So the principals and/or why:

  • Have fun learning and building something that has no affiliation to anything commercial
  • Easy and fun to engineer pipelines
  • Can be used in spark everywhere
  • Bar landing the data in the cloud spark is all I need
  • Excellent metadata configuration – simple, full featured and minimal
  • No data loading anti-patterns resulting from poorly designed re-use and metadata
  • Can be called if desired seamlessly from any workflow tool integrating transparent lineage
  • Fully testable locally and remotely
  • Support batch but streaming is the future – once only streaming is the new batch!
  • Support datalake house add-on’s – not just delta lake but also hudi and potentially others

Features:

  • Declarative
  • Flexible
  • Behavior Driven Test Data Validation – is the data semantically correct
  • Engineering Test Framework – do my pipelines fail
  • Data Validation – what’s the quality of my data
  • Fully Featured Workflow Engine – for complex use cases
  • Full Data Lineage – processing dependencies and composition dependencies

I’ve started on few projects. Lots of thought, up skilling and thinking but it’s starting to pull together into something that could work; albeit with a lot more work.
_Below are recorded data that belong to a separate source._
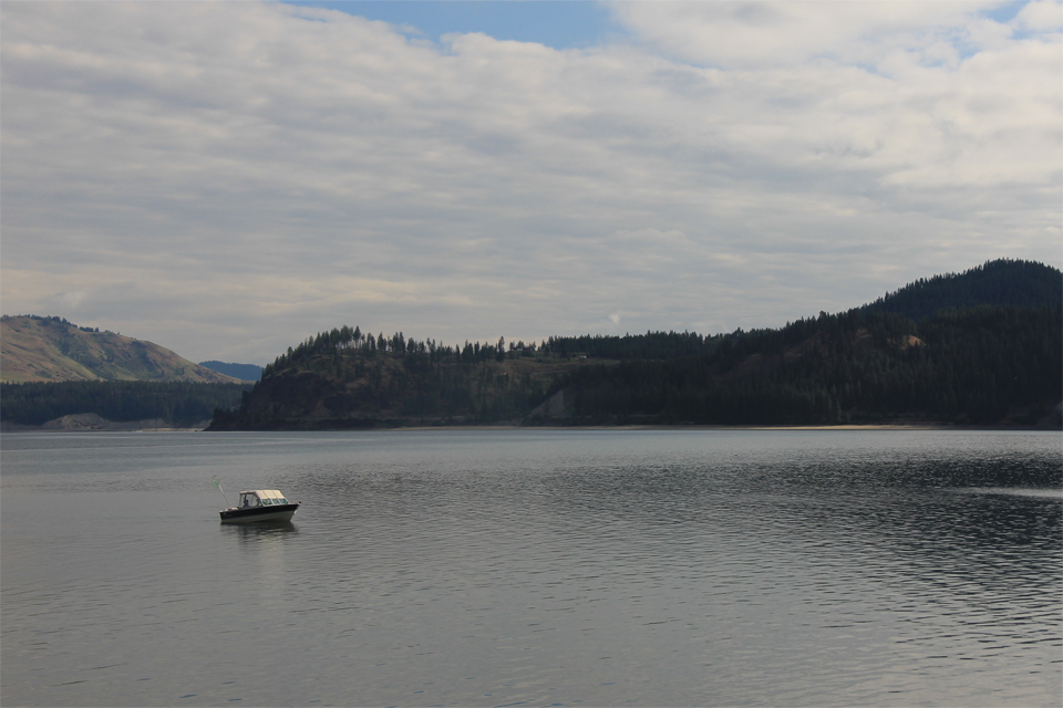 The Hudson’s Bay Company’s Fort Colvile on the Columbia River near Kettle Falls in 1860 (Boundary Survey, Library of Congress-3g11420u) and Roosevelt Lake in 2013 (CW 2013-05-27-183).
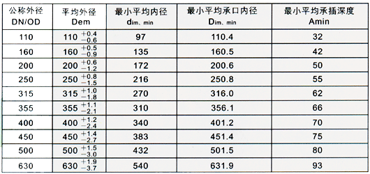 公稱內(nèi)徑DN/ID 最小平均內(nèi)徑dim.min 最小平均承插深度Amin 注:采用公稱內(nèi)徑系列
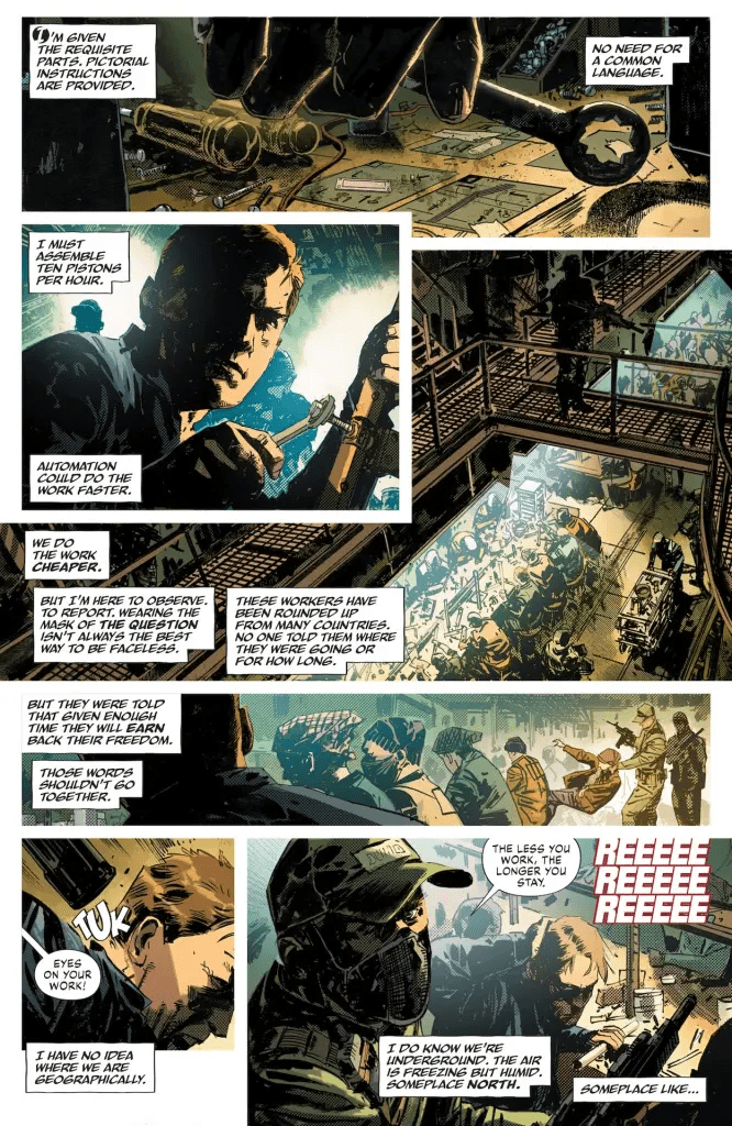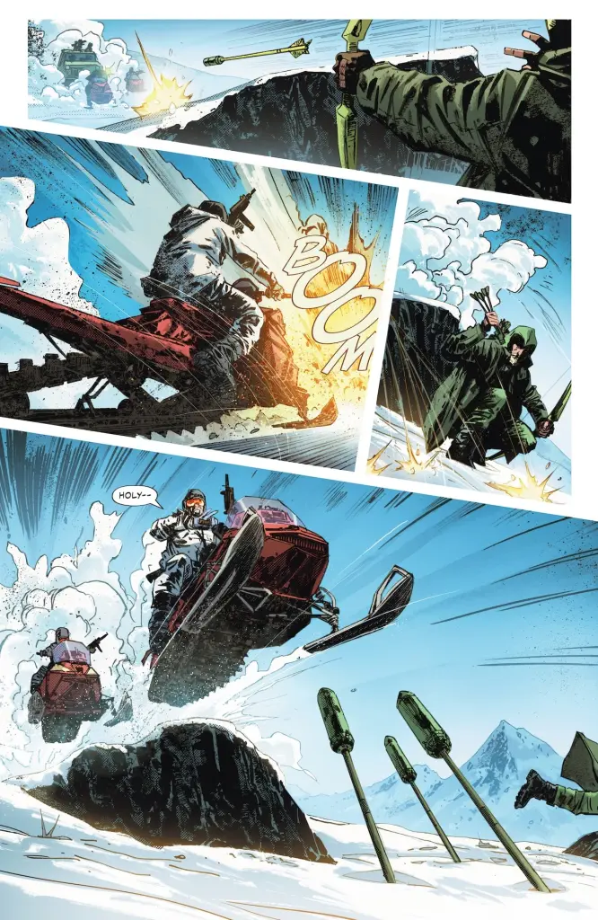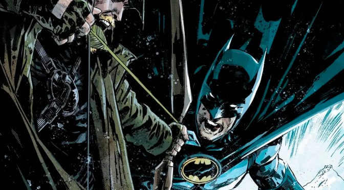 La historia conecta con muchos de los clichés del noir, al seguir a tres protagonistas llegando a una localización desolada por motivos diferentes, pero que acaban siendo el mismo caso. Dentro de la faceta «eficaz» de Hardman, me ha chocado el papel que plantea para Batman, haciendo que sea casi el machaca del villano. Está claro que al ser un comic Black Label, no está en continuidad, y su autor puede plantear lo que mejor le funcione en su historia. Pero por lo leído hasta el momento, la parte de Batman es la más floja del conjunto. que los esbirros de Arcadia disparen a Oliver Queen y él lo vea sin hacer nada es simplemente bochornoso.

They’re a bit databricksy but that needs to change I think; probably ok to have extensions to databricks but I want it to valuable for plain old spark too:

Azure Databricks – Notebook or Not To Notebook

That; is the question!

There’s the plenty of standard reasoning about of when to utilize notebooks and when not to… e.g. notebooks are better for collaboration, experimentation, data visualization etc… conversely an IDE is for richer more professional approach to building software etc…

However there are some very specific things consider particularly with Databricks on Azure. In addition to the usual stuff…. here’s my considerations…
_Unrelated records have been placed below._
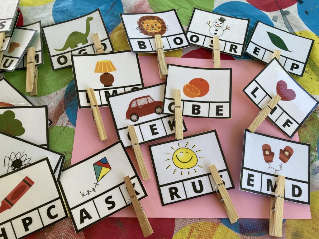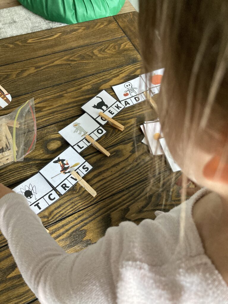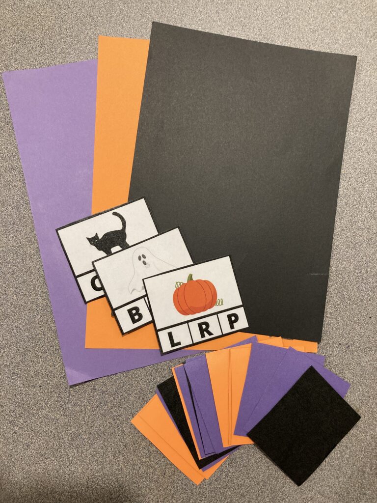 Gluing the letter sound cards onto card stock just made them more durable and easy for children to hold whilst placing the pegs. I used halloween colours to stick ours onto but you can use regular white card or whatever you have.
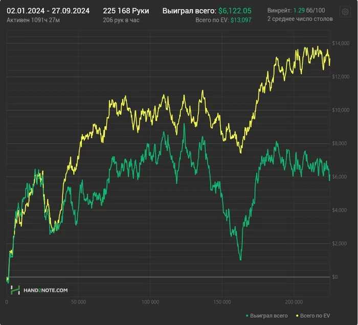 Оказывается преодолел еще одну интересную отметку, 205к рук в минус на данный момент. То есть по факту, без учёта рейкбека я ничего не заработал с конца января. Так же это мой самый длительный стрик за всё время что я играю в покер. Предыдущий антирекорд был 200к рук в ноль, в далёком 2021 году.
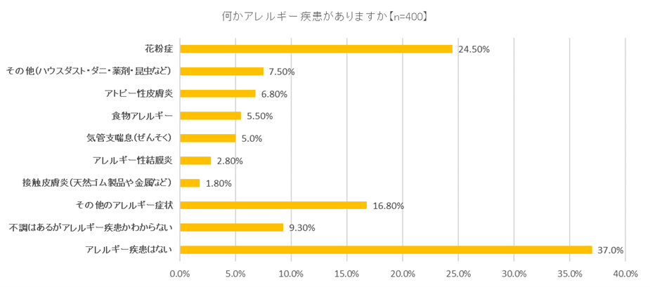 「アレルギー疾患はない」と回答した人は37.0%、「不調はあるがアレルギー疾患かわからない」と回答した人も9.3%いたものの、何らかのアレルギー症状を自覚している人は半数以上の53.7%にのぼりました。
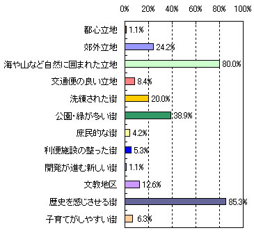 | ●第2位 鎌倉 【住んでみたい理由】 ・海と古い街とが融合しているから。(42歳 男性 3人家族) ・昔からの憧れ。(51歳 男性 5人家族) ・落ち着いた雰囲気で、自然に溢れているから。(35歳 男性 3人家族) ・鎌倉の風情が大好きなので。(42歳 女性 3人家族) ・海が近くてよく遊びに行くから。(41歳 男性 4人家族) ・住み慣れたところに近いし、憧れの街。(52歳 男性 2人家族) ・名所旧跡が多く、海も近い。山間部に住んでいるので海沿いの街に興味がある。(49歳 男性 5人家族) 【街のイメージ】※複数回答
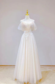 Wholesale Champagne Tulle Long Prom Dress with Lace Off the Shoulder Evening Dress - US 2 / UK 6 / EU 32
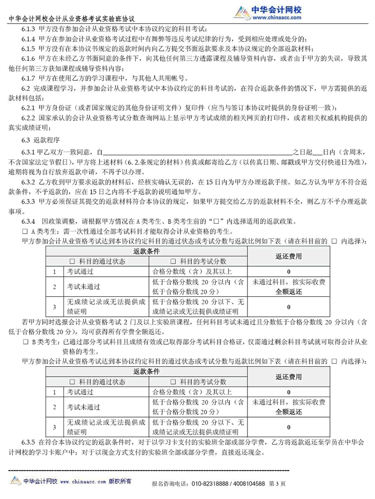 会计从业“实验班”协议书

Though, remember there is no best practice, even as the tech gets better there’s always a… well it depends!

Databricks Connect Isn’t All Roses

So whilst a hard core software engineer may argue the use a professional IDE. Productivity is better and testing is better blah blah blah… here’s the thing.
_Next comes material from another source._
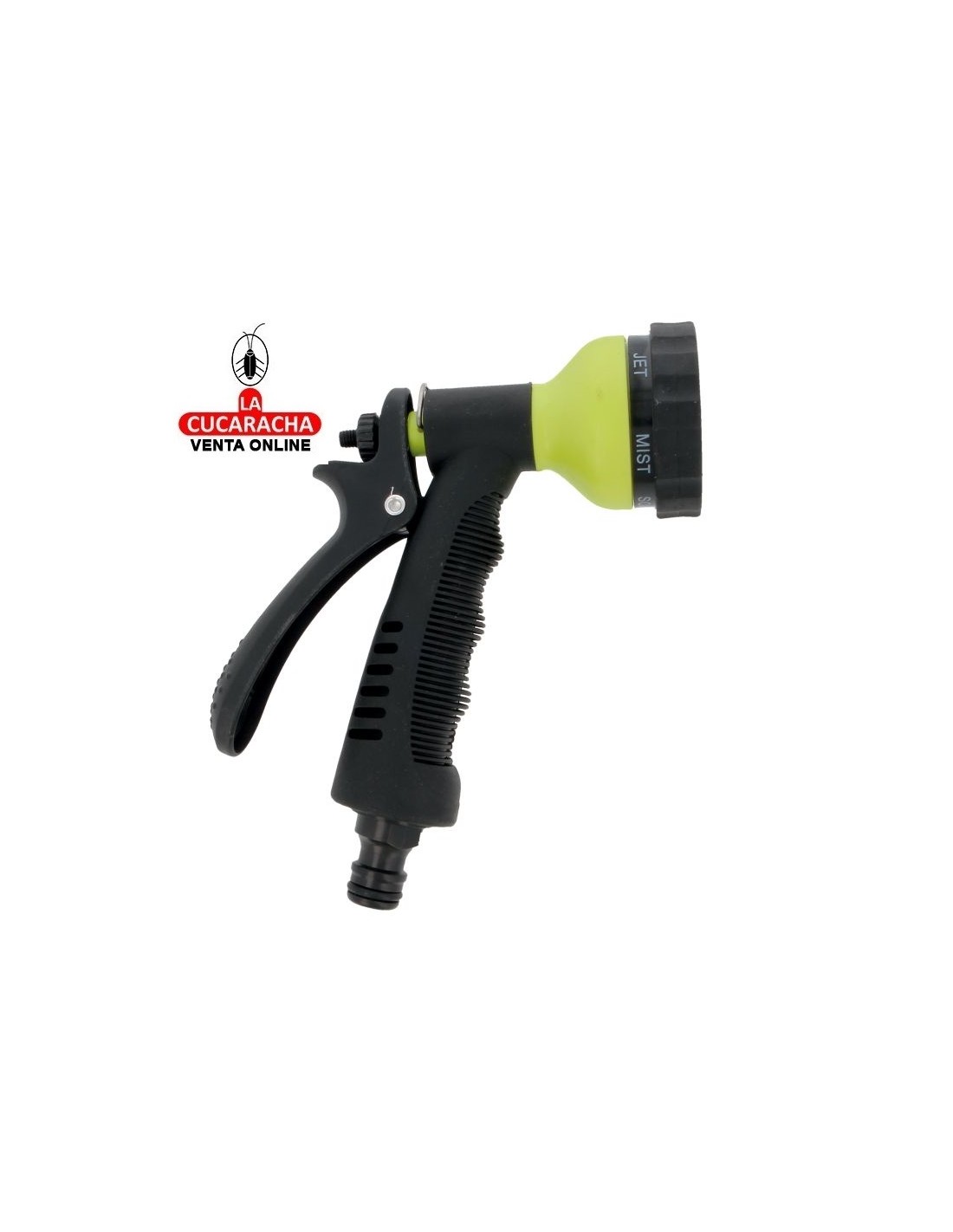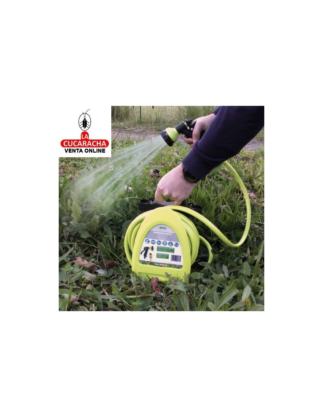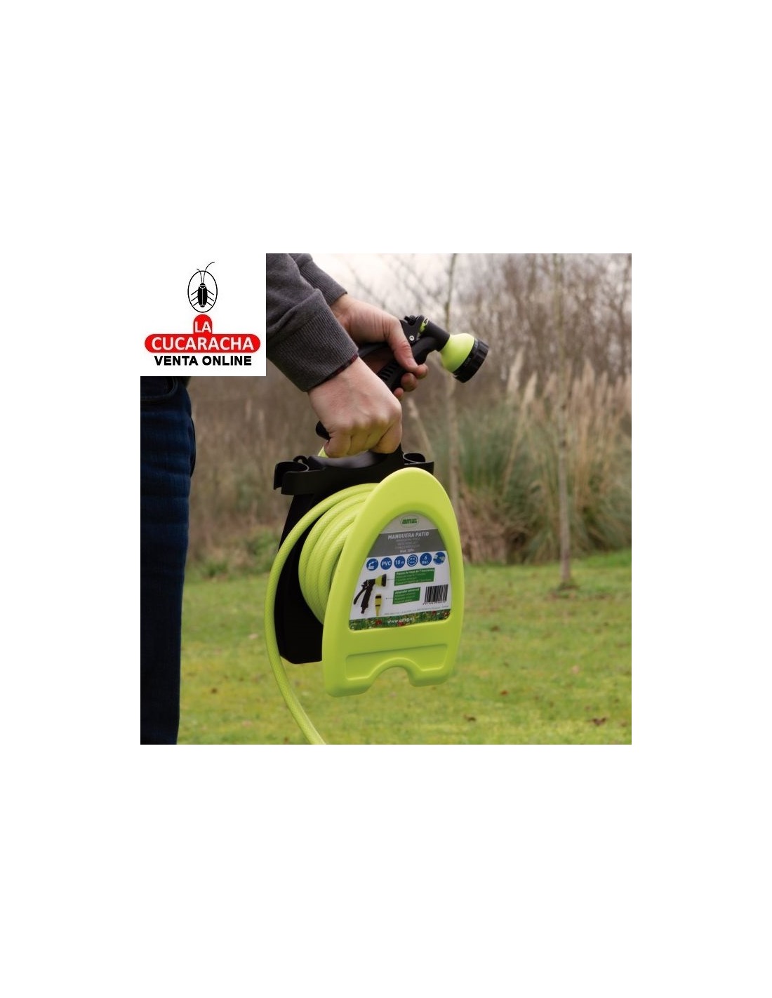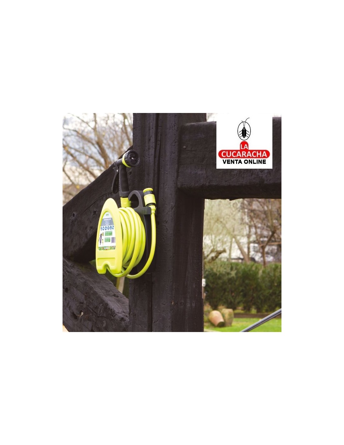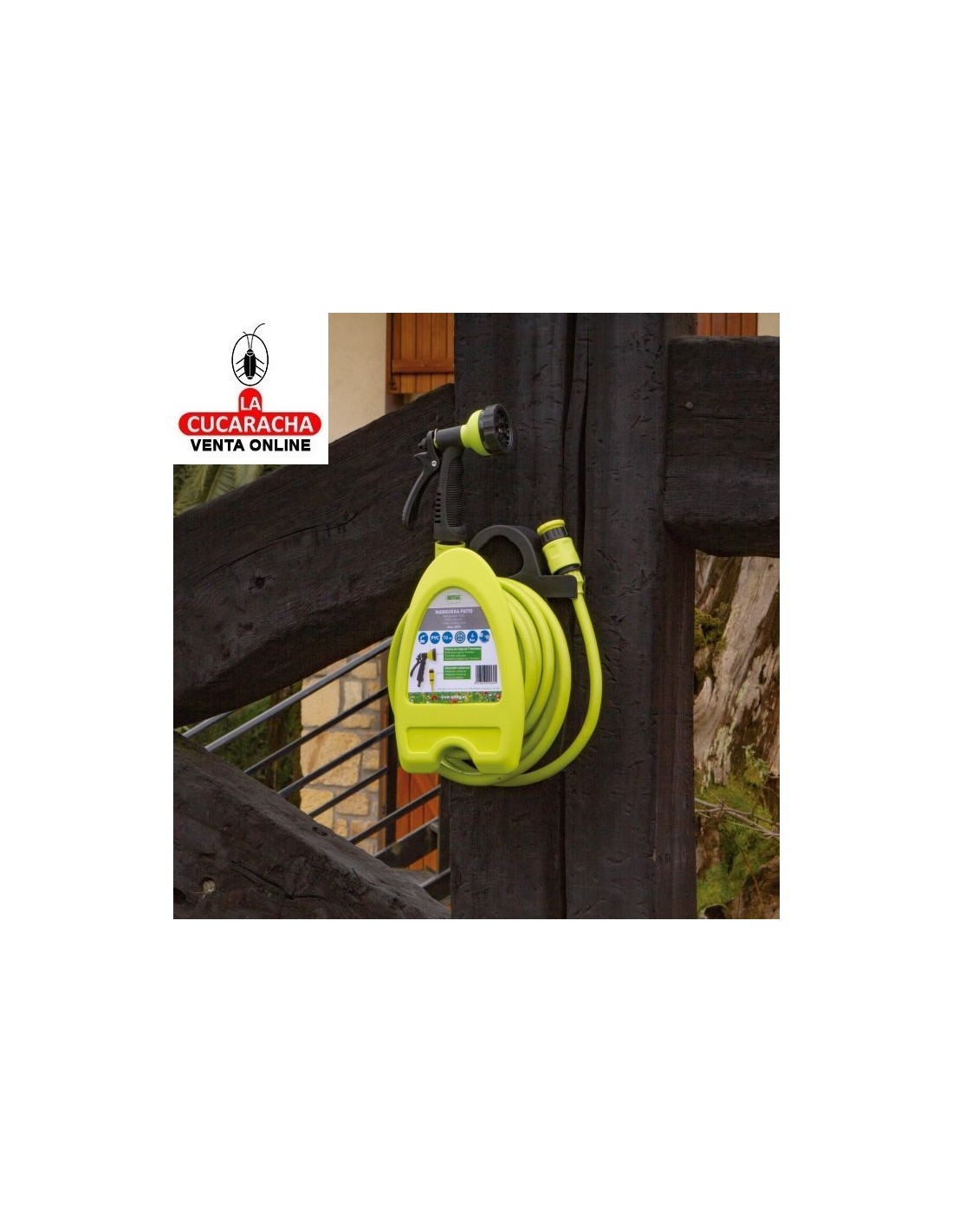 Manguera de patio de PVC. Conector de grifo universal regulable. Pistola de riego de 6 funciones. Soporte para colgar. Asa para transportar.

Databricks connect runtime version releases can lag by about 6 months. This cuts down the LTS 2 year period. Although this seems to be getting better very recently. This prevents you from making the most of new features and provides a smaller window to keep on top of versioning. OK so what you’re not on the latest version; but at the moment the latest version matters because it’s maturing fast and there are some pretty fundamental features rolling out that could make or break it in your organisation.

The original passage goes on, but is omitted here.